§ **Records for this exercise**:
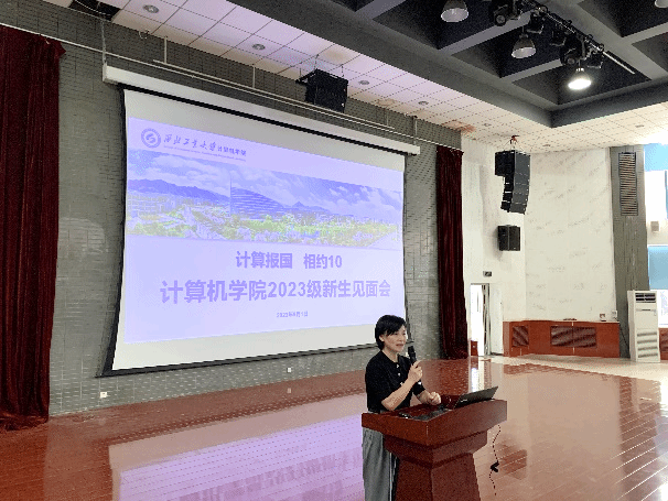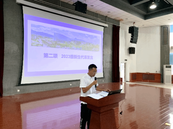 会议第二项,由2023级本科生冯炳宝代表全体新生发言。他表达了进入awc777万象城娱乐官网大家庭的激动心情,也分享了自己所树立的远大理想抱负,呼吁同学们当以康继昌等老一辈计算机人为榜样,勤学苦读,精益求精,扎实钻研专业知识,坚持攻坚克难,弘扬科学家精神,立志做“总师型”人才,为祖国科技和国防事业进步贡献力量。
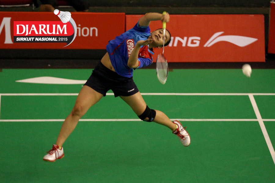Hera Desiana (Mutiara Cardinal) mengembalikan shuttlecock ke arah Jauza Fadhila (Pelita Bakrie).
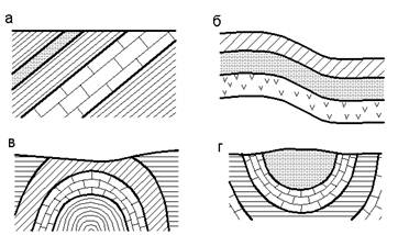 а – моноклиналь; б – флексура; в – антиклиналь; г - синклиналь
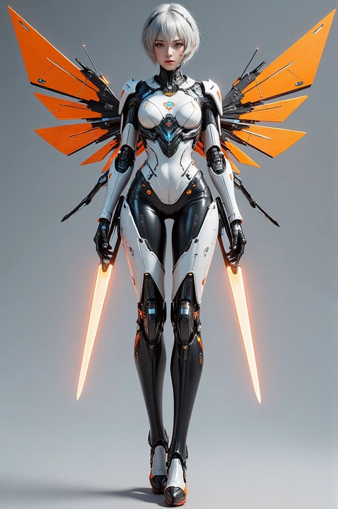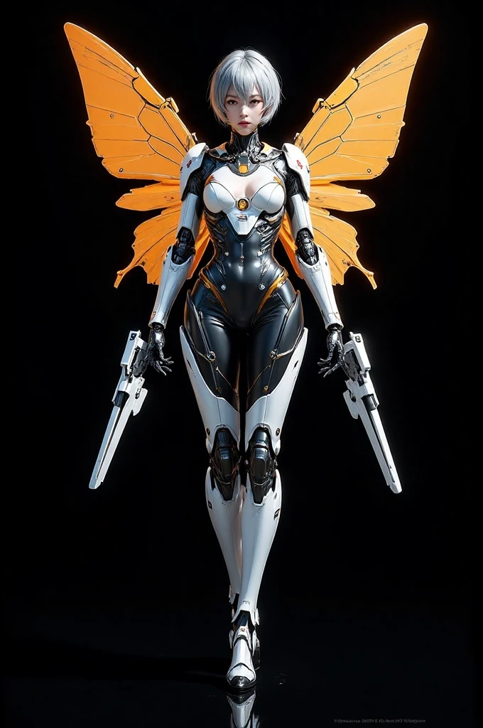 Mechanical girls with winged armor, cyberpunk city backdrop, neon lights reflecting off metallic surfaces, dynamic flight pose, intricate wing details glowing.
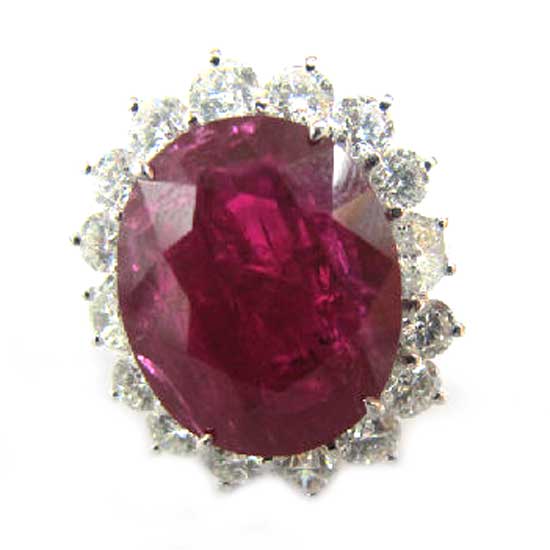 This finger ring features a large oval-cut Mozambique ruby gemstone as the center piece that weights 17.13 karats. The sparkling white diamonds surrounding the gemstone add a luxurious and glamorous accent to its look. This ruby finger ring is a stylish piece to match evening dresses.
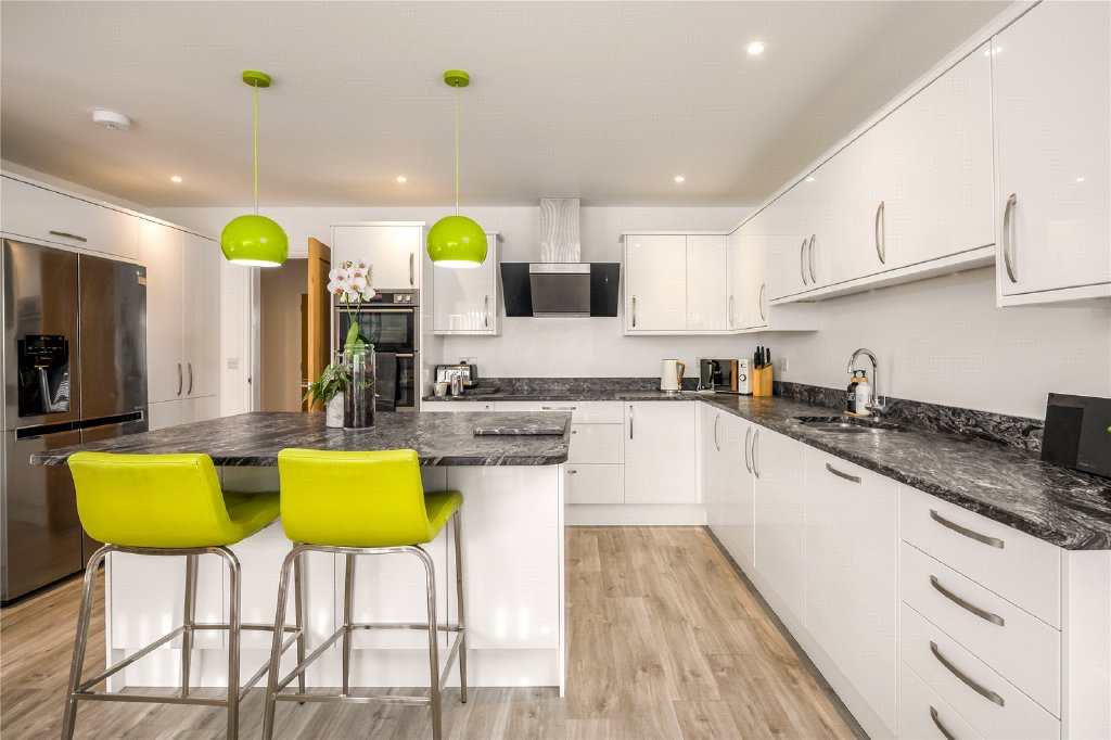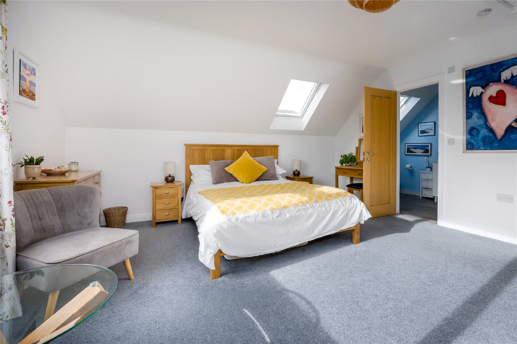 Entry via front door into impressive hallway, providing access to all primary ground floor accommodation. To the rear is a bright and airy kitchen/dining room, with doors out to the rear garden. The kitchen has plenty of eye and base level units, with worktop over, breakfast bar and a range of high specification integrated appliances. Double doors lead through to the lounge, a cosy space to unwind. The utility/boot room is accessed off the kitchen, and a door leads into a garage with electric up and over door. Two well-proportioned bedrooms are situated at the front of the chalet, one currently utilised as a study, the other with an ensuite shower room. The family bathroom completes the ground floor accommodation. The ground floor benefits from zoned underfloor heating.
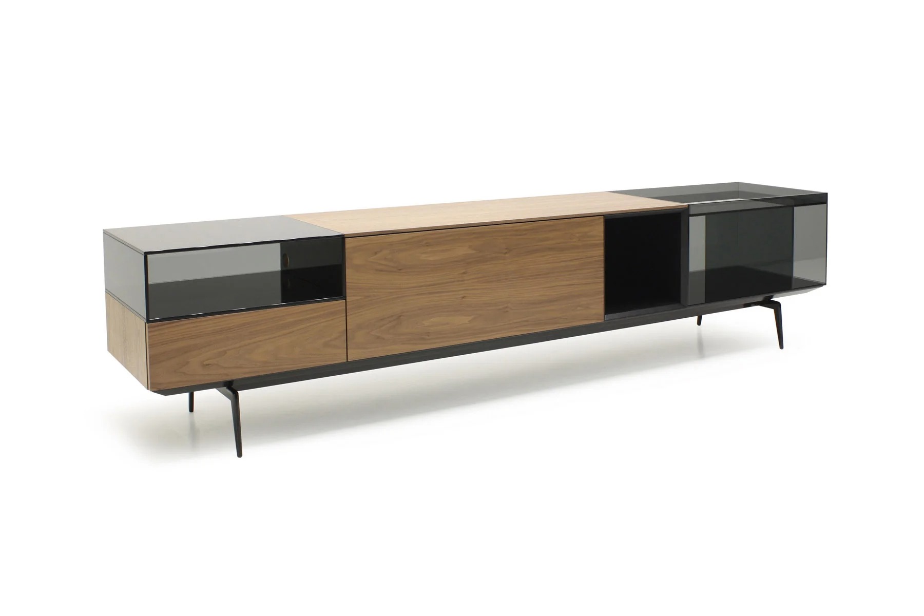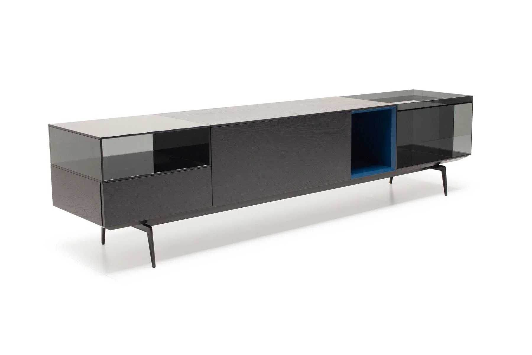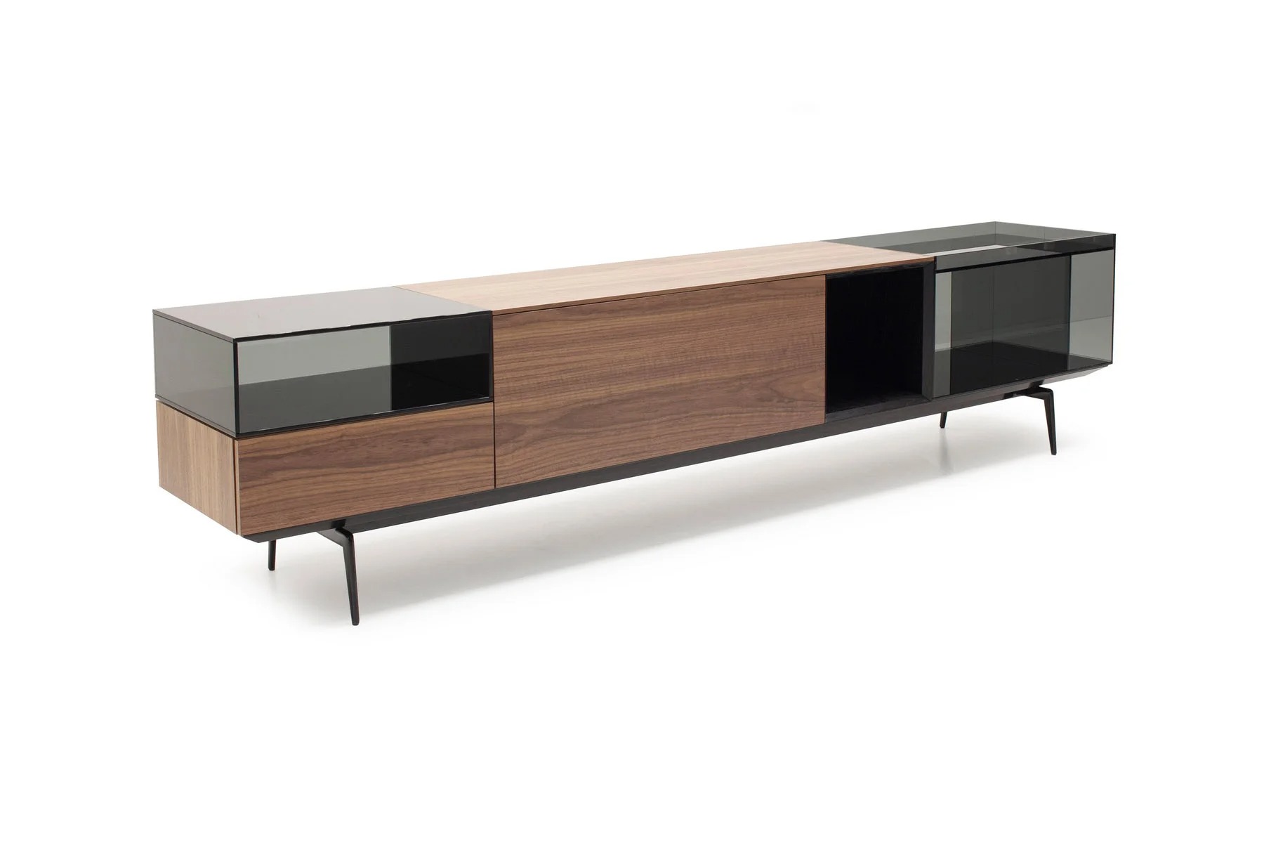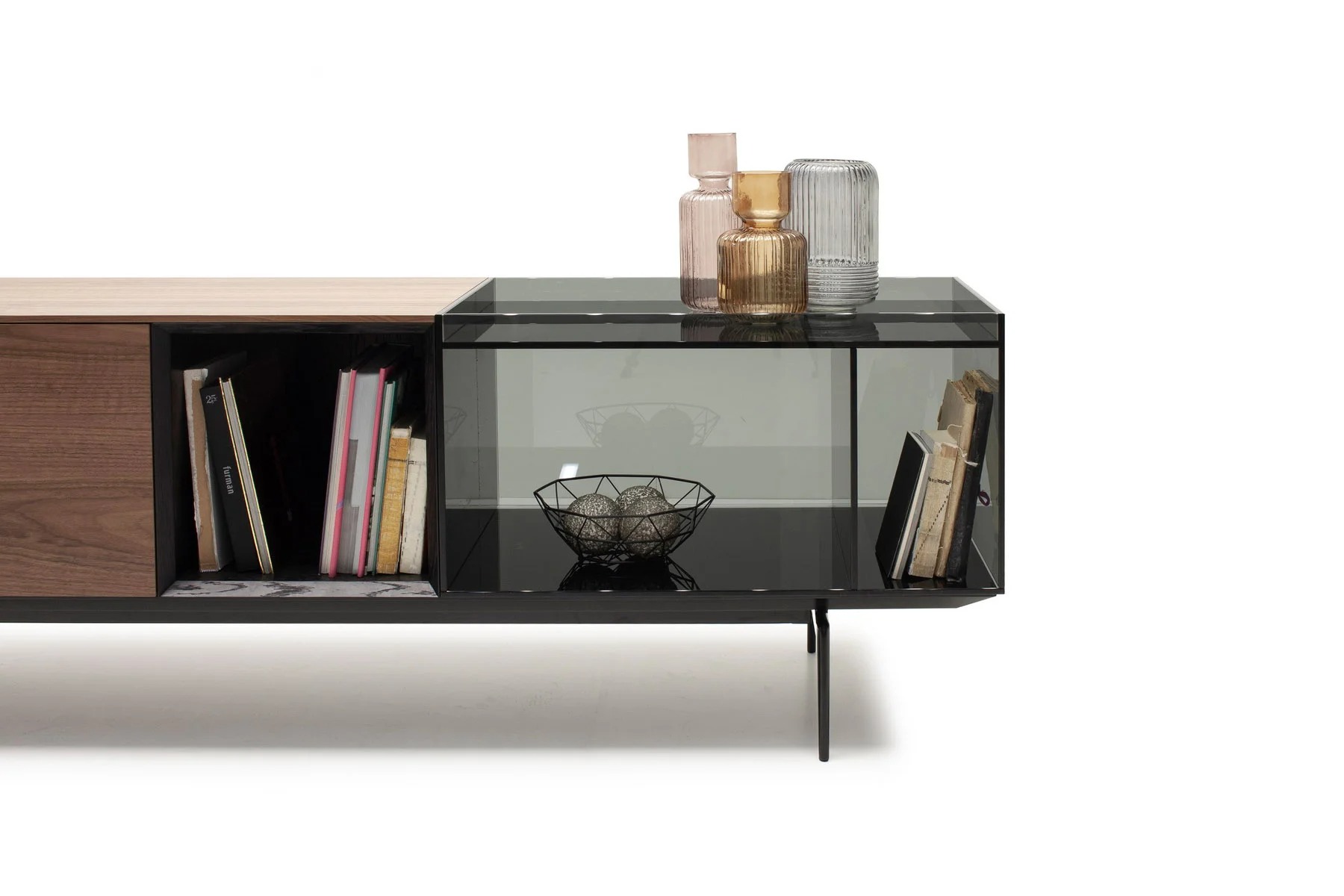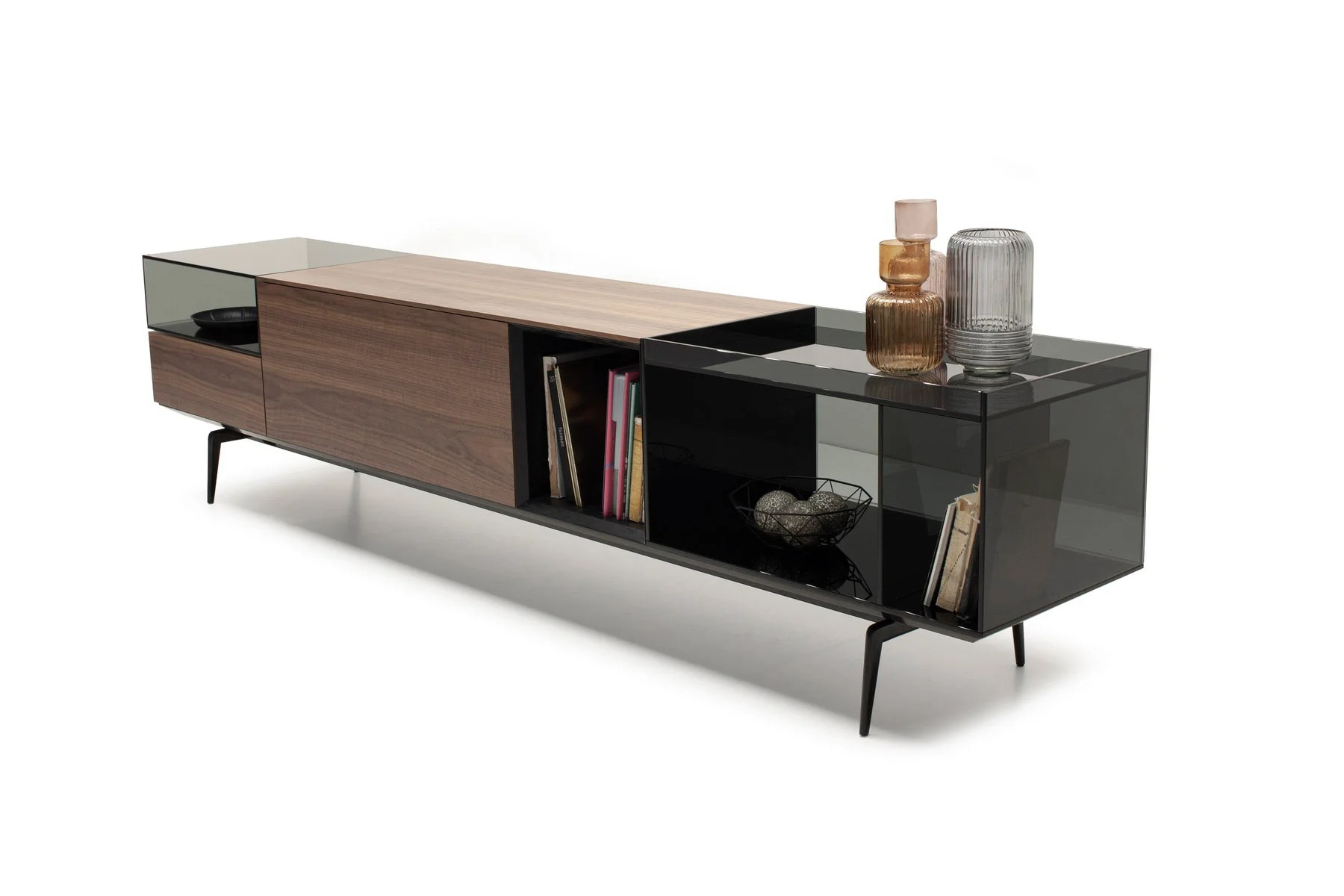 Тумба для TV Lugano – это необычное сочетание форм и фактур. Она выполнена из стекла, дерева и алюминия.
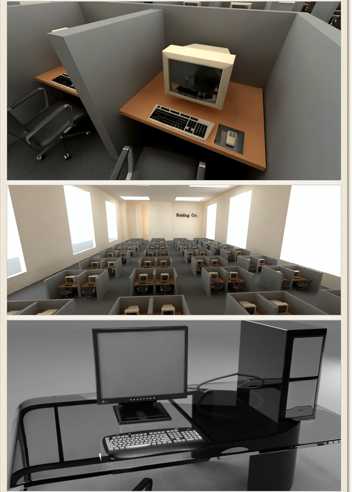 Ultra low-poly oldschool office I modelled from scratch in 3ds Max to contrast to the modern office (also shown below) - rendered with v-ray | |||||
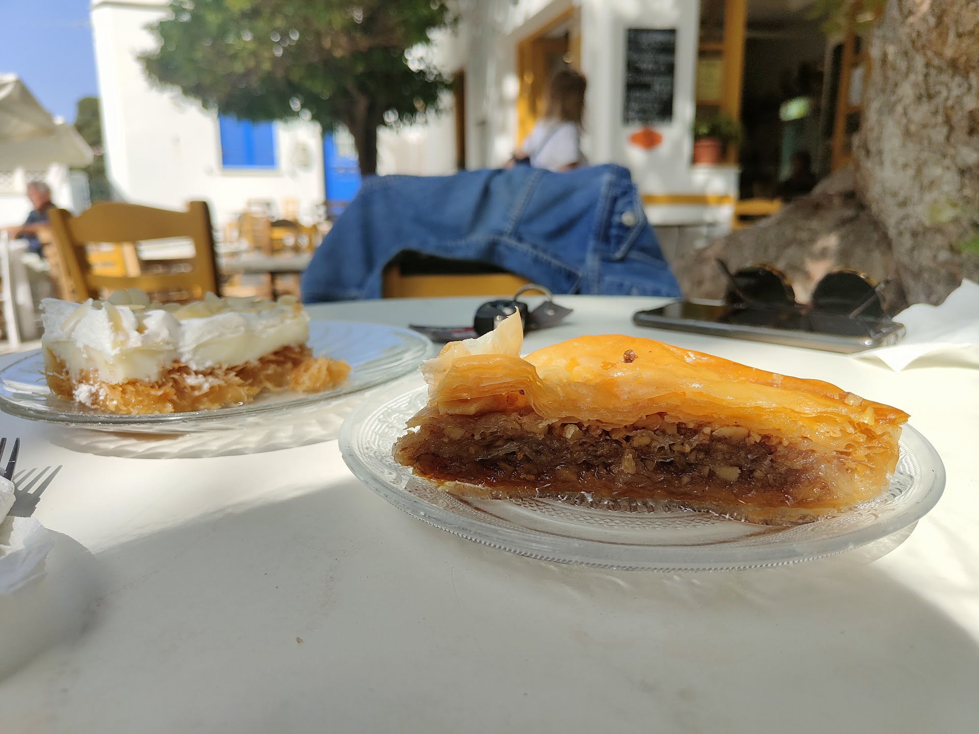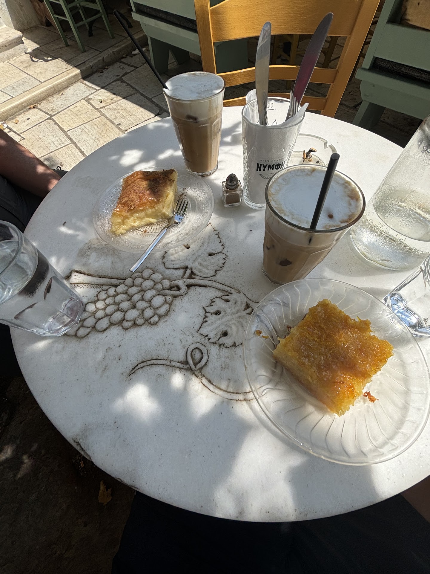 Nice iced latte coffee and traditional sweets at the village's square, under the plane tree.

§ **Task item**: Reproduce word for word, with pictures dropped, only the part of the material above that opens with the line containing "а – моноклиналь;" and closes with the line containing "This finger ring".

§ **Response area**:
 а – моноклиналь; б – флексура; в – антиклиналь; г - синклиналь
 Mechanical girls with winged armor, cyberpunk city backdrop, neon lights reflecting off metallic surfaces, dynamic flight pose, intricate wing details glowing.
 This finger ring features a large oval-cut Mozambique ruby gemstone as the center piece that weights 17.13 karats. The sparkling white diamonds surrounding the gemstone add a luxurious and glamorous accent to its look. This ruby finger ring is a stylish piece to match evening dresses.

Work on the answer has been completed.